What you need to do:
Give back all of the data exactly as it stands, with the pictures removed.

** Opening Data excerpt block **

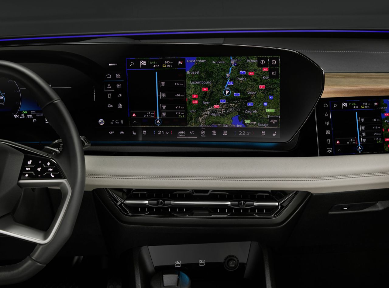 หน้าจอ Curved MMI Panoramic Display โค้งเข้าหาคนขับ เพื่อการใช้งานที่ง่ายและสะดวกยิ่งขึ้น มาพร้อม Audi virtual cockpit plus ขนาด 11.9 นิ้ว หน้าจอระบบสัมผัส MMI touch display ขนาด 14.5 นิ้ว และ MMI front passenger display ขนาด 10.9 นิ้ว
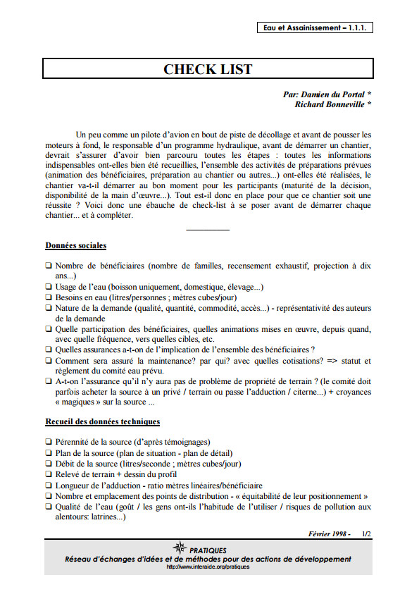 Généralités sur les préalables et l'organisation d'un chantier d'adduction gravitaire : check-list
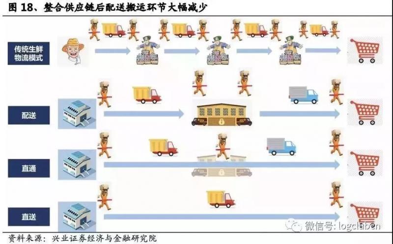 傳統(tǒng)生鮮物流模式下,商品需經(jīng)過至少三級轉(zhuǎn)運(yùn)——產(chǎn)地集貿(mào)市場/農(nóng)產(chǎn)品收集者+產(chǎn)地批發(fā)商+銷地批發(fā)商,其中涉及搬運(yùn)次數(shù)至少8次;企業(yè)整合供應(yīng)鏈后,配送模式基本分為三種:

** Closing Data excerpt block **

Finished exercise:
 หน้าจอ Curved MMI Panoramic Display โค้งเข้าหาคนขับ เพื่อการใช้งานที่ง่ายและสะดวกยิ่งขึ้น มาพร้อม Audi virtual cockpit plus ขนาด 11.9 นิ้ว หน้าจอระบบสัมผัส MMI touch display ขนาด 14.5 นิ้ว และ MMI front passenger display ขนาด 10.9 นิ้ว
 Généralités sur les préalables et l'organisation d'un chantier d'adduction gravitaire : check-list
 傳統(tǒng)生鮮物流模式下,商品需經(jīng)過至少三級轉(zhuǎn)運(yùn)——產(chǎn)地集貿(mào)市場/農(nóng)產(chǎn)品收集者+產(chǎn)地批發(fā)商+銷地批發(fā)商,其中涉及搬運(yùn)次數(shù)至少8次;企業(yè)整合供應(yīng)鏈后,配送模式基本分為三種:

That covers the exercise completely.